▶ Exercise brief
When you reach the line below that has "Central Spain has", start returning lines exactly, and stop after the line that has "岸田猛主要活跃于球场两侧,定"; skip the pictures.

[Opening Material for the task section]

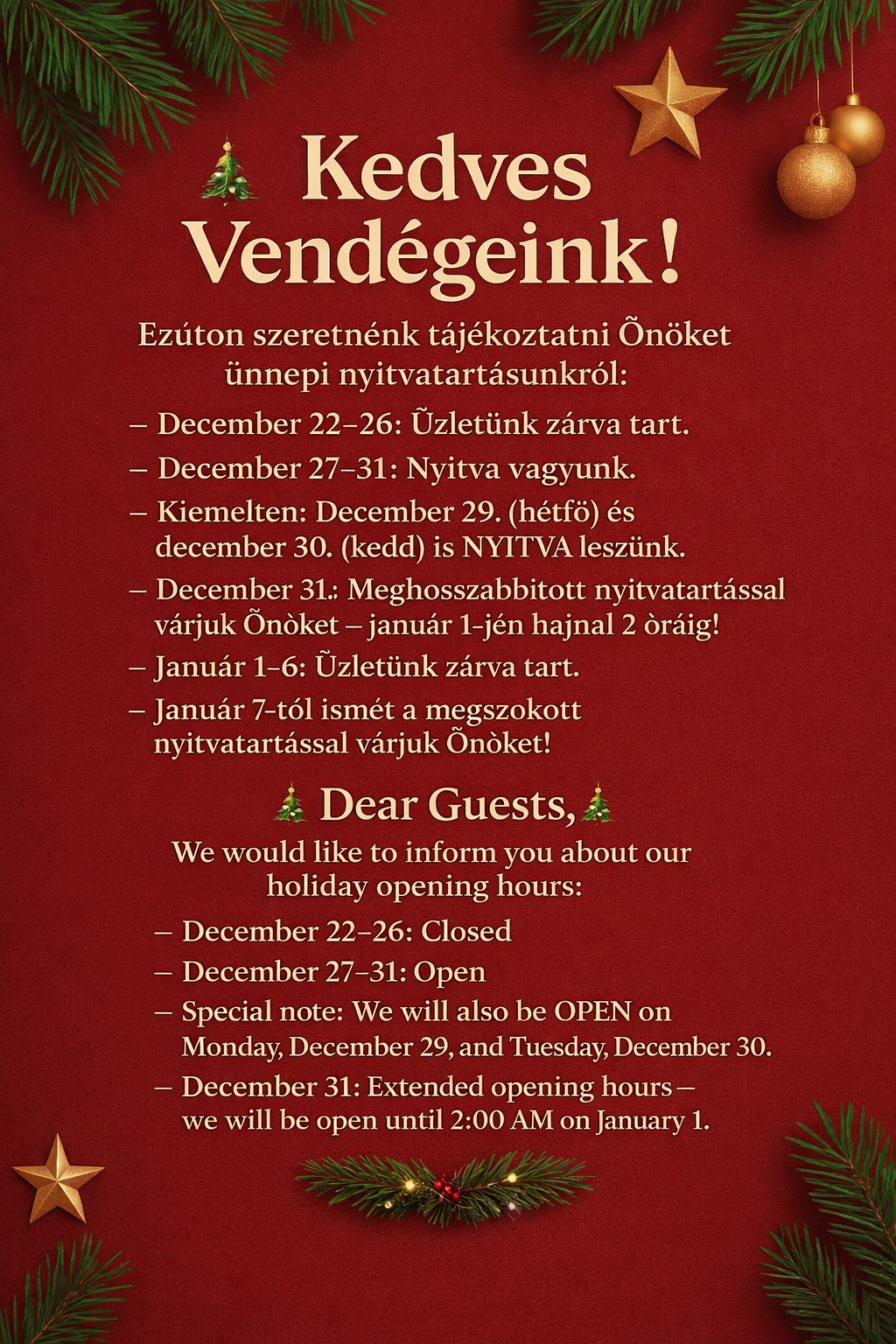 Értesítjük kedves vendégeinket, hogy éttermünk január 1–7. között zárva tart. Megértésüket köszönjük!
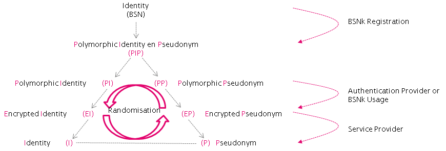 a cryptographic derivative of a root identifying attribute, such as the BSN | a Participant (MU/AD), | Encrypted Pseudonym | |
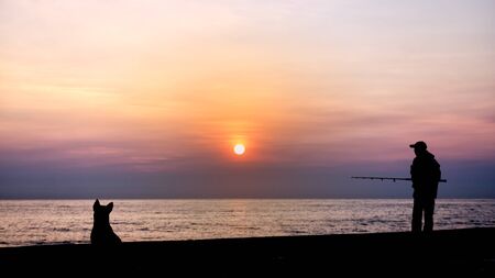 Silhouette of the fishing and dog by the sea in the morning
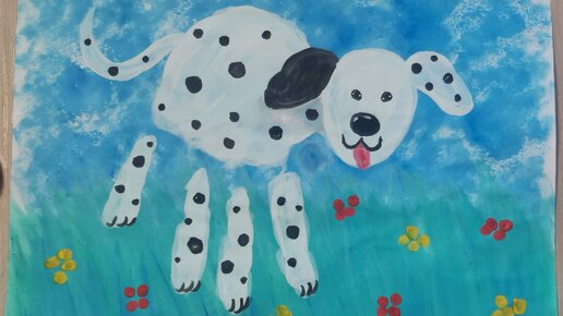 Необычный рисунок. Рисуем собаку далматинца ладошкой
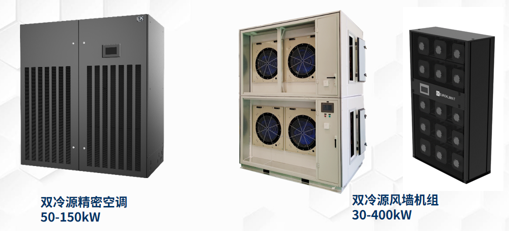 双冷源空调方面,EK提供双冷源精密空调、双冷源风墙机组。机组共用液冷冷源,水盘管供预冷及自然冷,节能提升30%;超大换热面积低风阻盘管,风机功耗下降50%;高水温大温差设计,水泵功耗降低20~50%。
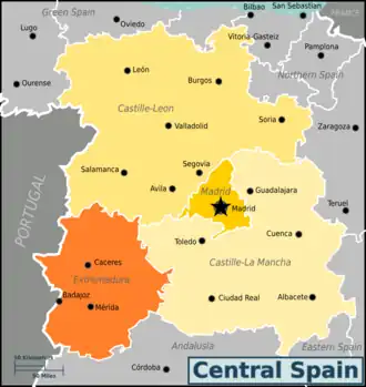 Central Spain has a very different climate than the coastal areas. Unlike the coasts, which have a typical Mediterranean climate, the inland areas have a continental climate. The summers are very hot, regularly exceeding 35 º C. By contrast, there are very low temperatures in winter. The locals use an old Castillian saying to describe their climate as "nine months of winter and three months of hell".
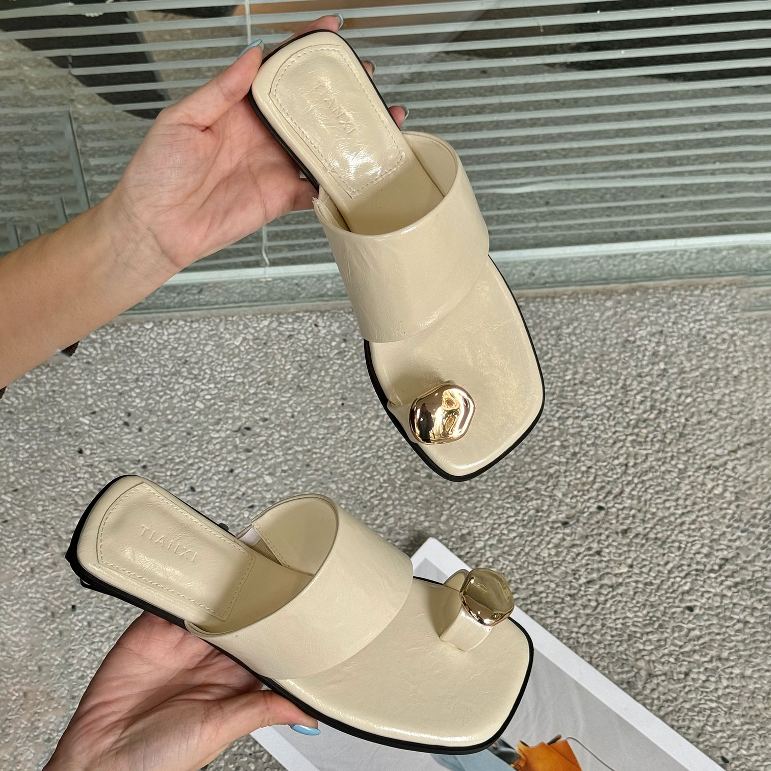 粗跟夹脚拖鞋女2025新款外穿夏配裙子海边沙滩人字拖超火绝美凉拖
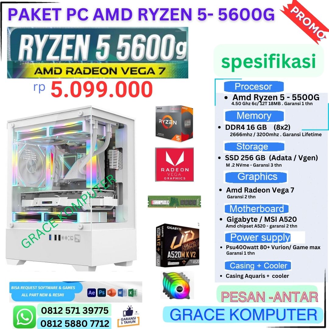 Paket pc 23 : Amd ryzen 5 – 5600G + Amd Radeon Vega 7 | DDR4 16 gb
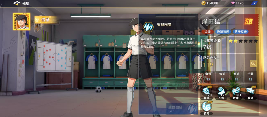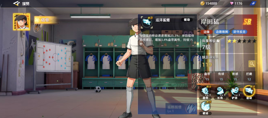 岸田猛主要活跃于球场两侧,定位为边路球员,因此其属性与技能设计也更偏向边锋位置的应用场景。尽管当前可选的SR级边锋数量有限,但在这一梯队中,岸田猛仍属于功能性较为全面的选择之一。他在防守端的表现尤为突出,不仅能有效覆盖边路区域,还能根据对手出球方向迅速组织反击,具备一定的战术延展性。
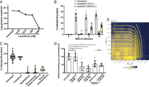 Оказалось, что многофункциональный белок лактоферрин, который содержится в грудном молоке, блокирует SARS-CoV-2 уже на стадии заражения — он не даёт коронавирусу прикрепляться к клеткам. Также он «подстёгивает» клетки давать сильный иммунный ответ коронавирусу за счёт увеличения выработки интерферонов. Наконец, лактоферрин снижает уровень воспаления в клетках.
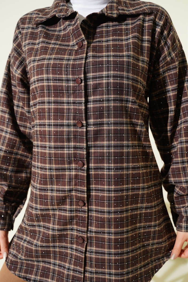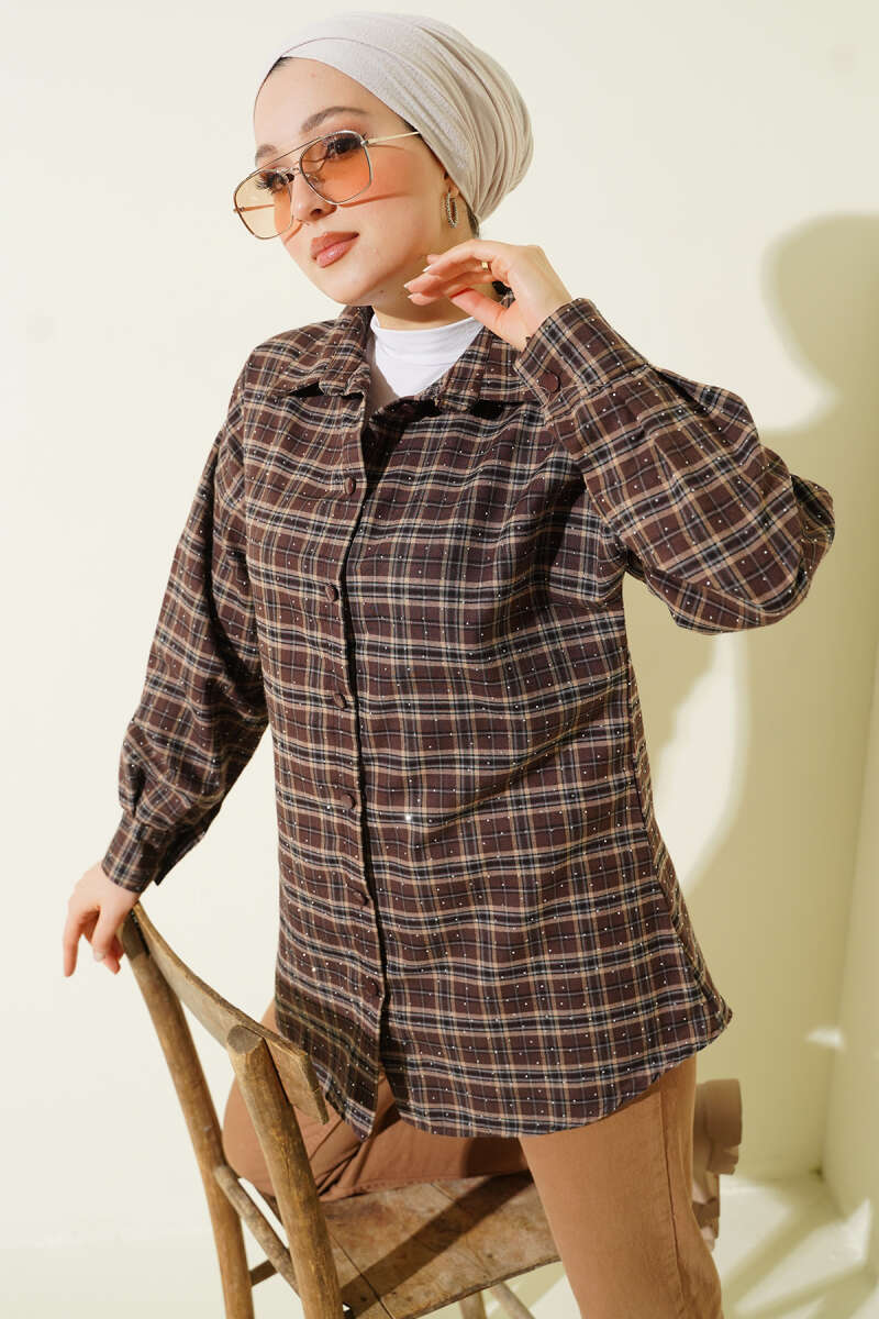 Ekose Desen Taşlı Gömlek Acı Kahve

[Closing Material for the task section]

▶ Your solution
 Central Spain has a very different climate than the coastal areas. Unlike the coasts, which have a typical Mediterranean climate, the inland areas have a continental climate. The summers are very hot, regularly exceeding 35 º C. By contrast, there are very low temperatures in winter. The locals use an old Castillian saying to describe their climate as "nine months of winter and three months of hell".
 粗跟夹脚拖鞋女2025新款外穿夏配裙子海边沙滩人字拖超火绝美凉拖
 Paket pc 23 : Amd ryzen 5 – 5600G + Amd Radeon Vega 7 | DDR4 16 gb
 岸田猛主要活跃于球场两侧,定位为边路球员,因此其属性与技能设计也更偏向边锋位置的应用场景。尽管当前可选的SR级边锋数量有限,但在这一梯队中,岸田猛仍属于功能性较为全面的选择之一。他在防守端的表现尤为突出,不仅能有效覆盖边路区域,还能根据对手出球方向迅速组织反击,具备一定的战术延展性。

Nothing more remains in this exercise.